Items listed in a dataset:
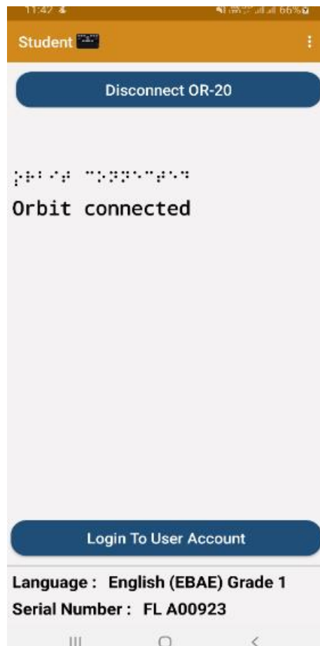
Figure-3: Home Screen showing the mirrored text of OR-20 display

Once the connection is established, the “Connect to OR-20” button turns into the “Disconnect OR-20” button. To disconnect the OR-20, tap the same. To manually disconnect from the OR-20 keypad, press SPACE + D (Dots 1 4 5 7).
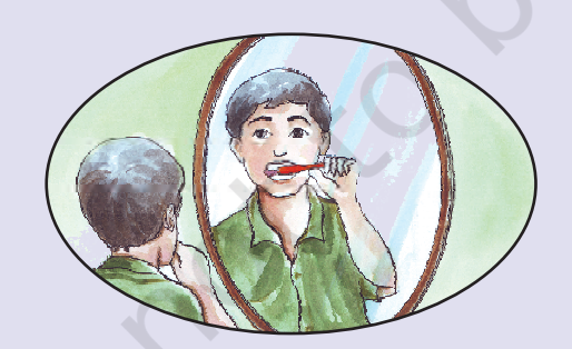
He is brushing his teeth.
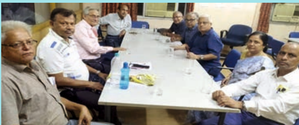
Digital Media Sub-Committee Meeting at ICAR-CIFE
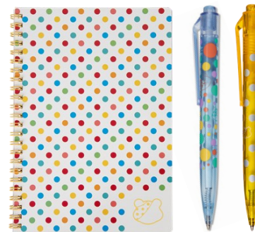
Pudsey Stationery Pens £1 Notepads £2
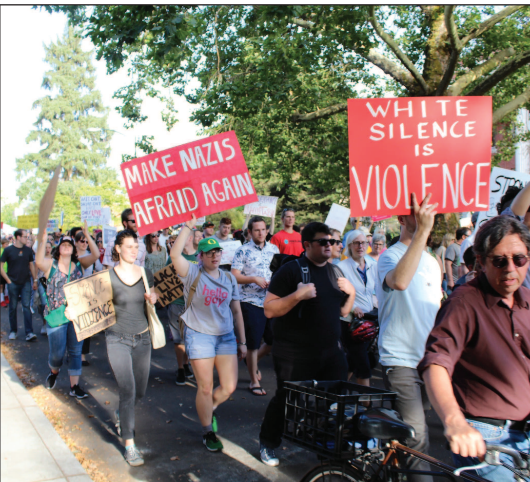
Approximately 2,000 people marched in Eugene against the events in Charlottesville, Virginia last week. The march started at University of Oregon and ended downtown at the courthouse with speakers rallying the crowds.

NEW: Digital X-Rays (use less radiation)
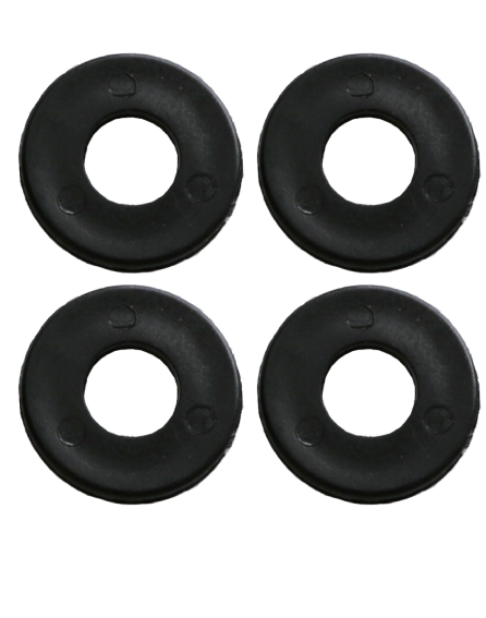
7 Rubber Gasket Q8 x4
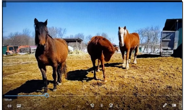
Video of Horse Speak showing the Backup Button in action. Click Here to Watch Video.

Price: $225 for Saturday & Sunday ($50 for just the Sat morning session. If you like what you hear, stay for the whole clinic. Just pay the balance)
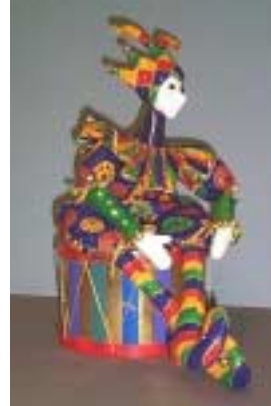
Betsy's "Round To It Doll"

The February Meeting will be held February 21st at 10:00 am ( note: not the 15th as was on the schedule ) at the Library in Central. The program for the meeting will be a show and tell of our monochromatic dolls. We drew our color at the January meeting. If you were not there and want to make a doll, choose a single color and make a doll using different values of that color and bring it to the meeting. We are also hoping that there will be some finished Negative design dolls from the members who attended the Seminar. Work hard and bring them to the meeting.

## YOUR OBJECTIVE
Without including any images, output the data exactly as given.

## ANSWER BOX
Figure-3: Home Screen showing the mirrored text of OR-20 display

Once the connection is established, the “Connect to OR-20” button turns into the “Disconnect OR-20” button. To disconnect the OR-20, tap the same. To manually disconnect from the OR-20 keypad, press SPACE + D (Dots 1 4 5 7).
He is brushing his teeth.
Digital Media Sub-Committee Meeting at ICAR-CIFE
Pudsey Stationery Pens £1 Notepads £2
Approximately 2,000 people marched in Eugene against the events in Charlottesville, Virginia last week. The march started at University of Oregon and ended downtown at the courthouse with speakers rallying the crowds.

NEW: Digital X-Rays (use less radiation)
7 Rubber Gasket Q8 x4
Video of Horse Speak showing the Backup Button in action. Click Here to Watch Video.

Price: $225 for Saturday & Sunday ($50 for just the Sat morning session. If you like what you hear, stay for the whole clinic. Just pay the balance)
Betsy's "Round To It Doll"

The February Meeting will be held February 21st at 10:00 am ( note: not the 15th as was on the schedule ) at the Library in Central. The program for the meeting will be a show and tell of our monochromatic dolls. We drew our color at the January meeting. If you were not there and want to make a doll, choose a single color and make a doll using different values of that color and bring it to the meeting. We are also hoping that there will be some finished Negative design dolls from the members who attended the Seminar. Work hard and bring them to the meeting.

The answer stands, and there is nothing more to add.